The effects of switching from prandial premixed insulin therapy (PPT) injected three times a day to basal plus two times bolus insulin therapy (B2B) on glycemic control and quality of life were ...investigated in patients with type 2 diabetes mellitus.
The clinical course was prospectively observed during the first 16 weeks after switching to B2B (insulin glargine plus insulin glulisine before breakfast and dinner) in 27 subjects previously treated with PPT using 50/50 premixed insulin. The Diabetes Treatment Satisfaction Questionnaire (DTSQ) was administered at the start and end of the study.

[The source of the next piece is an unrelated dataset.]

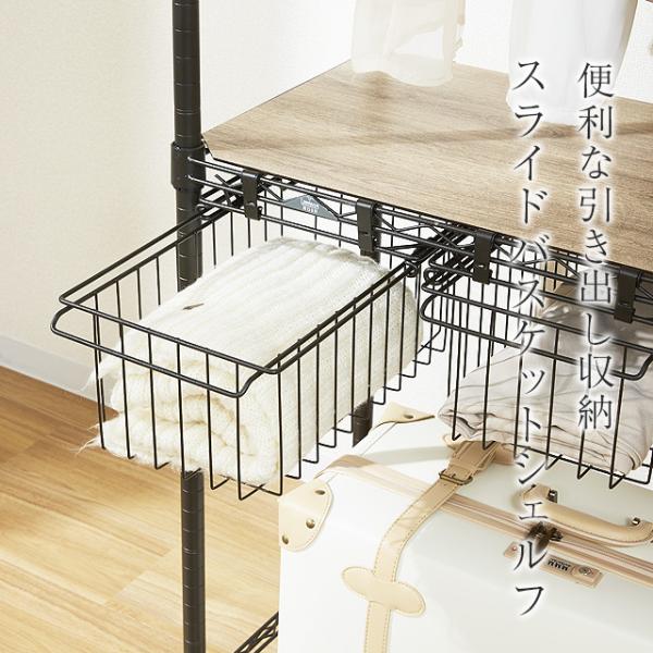 ※スライドバスケットはスチールシェルフに取り付けてご使用ください。
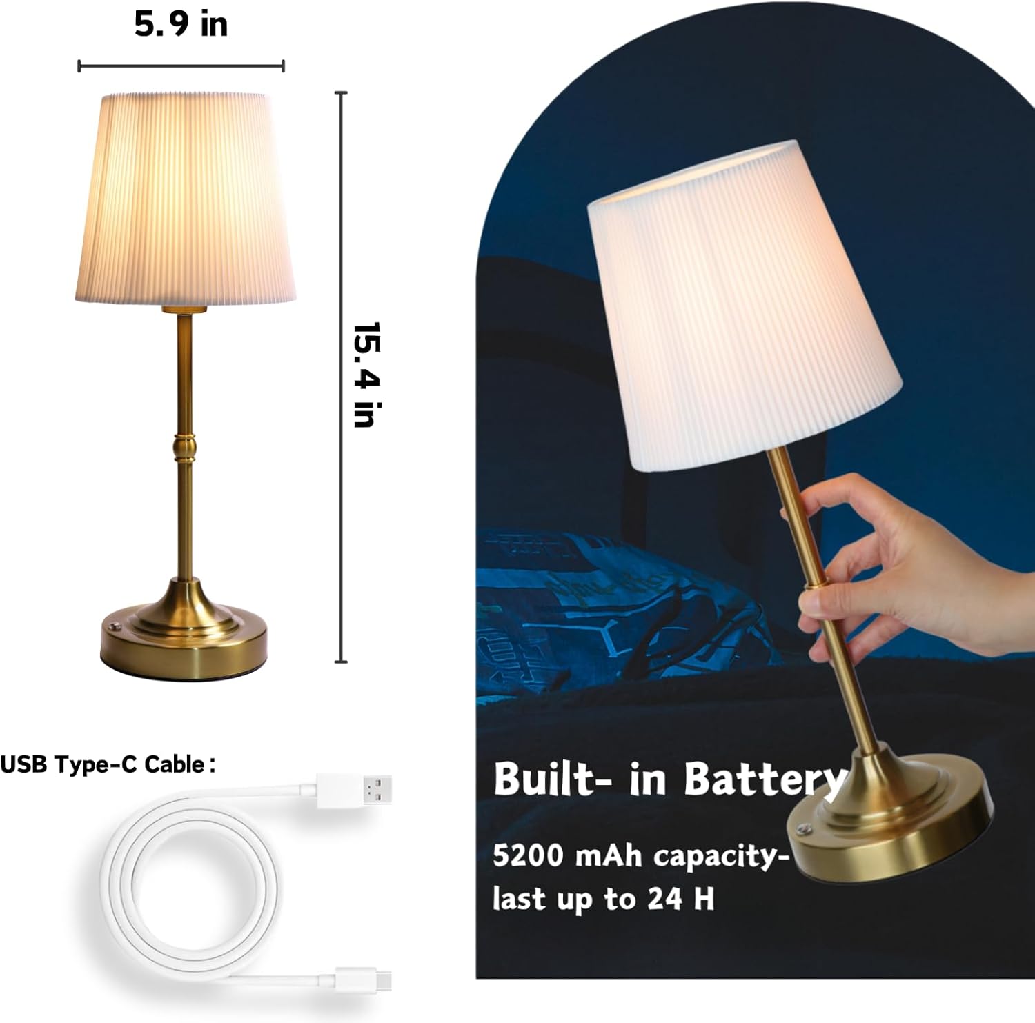 - Rechargeable Long-Lasting Battery: The Cordless Lamp has a built-in high-capacity lithium battery with 5V/2A fast charging (includes dedicated cable). Provides up to 20 hours on low brightness, freeing you from power outlets

The glycated hemoglobin (HbA1c) level (8.3% ± 1.8% to 8.2% ± 1.1%) and the DTSQ score did not change between the start and end of the study. An improvement in HbA1c level was found in nine (33%) subjects. The change in HbA1c showed a significant negative correlation with baseline HbA1c, and was significantly better in patients with a baseline HbA1c >8.0% than in those with an HbA1c ≤ 8.0% (-0.9 ± 2.0 versus 0.3 ± 0.6, respectively, P = 0.02). The change in DTSQ score representing treatment satisfaction was significantly greater in patients whose HbA1c level was improved than in those in whom it was not (2.7 ± 3.6 versus -0.8 ± 3.5, P = 0.04).
B2B was noninferior to PPT with regard to HbA1c levels in patients with type 2 diabetes mellitus. B2B should be considered particularly for subjects whose glycemic control is poor despite PPT.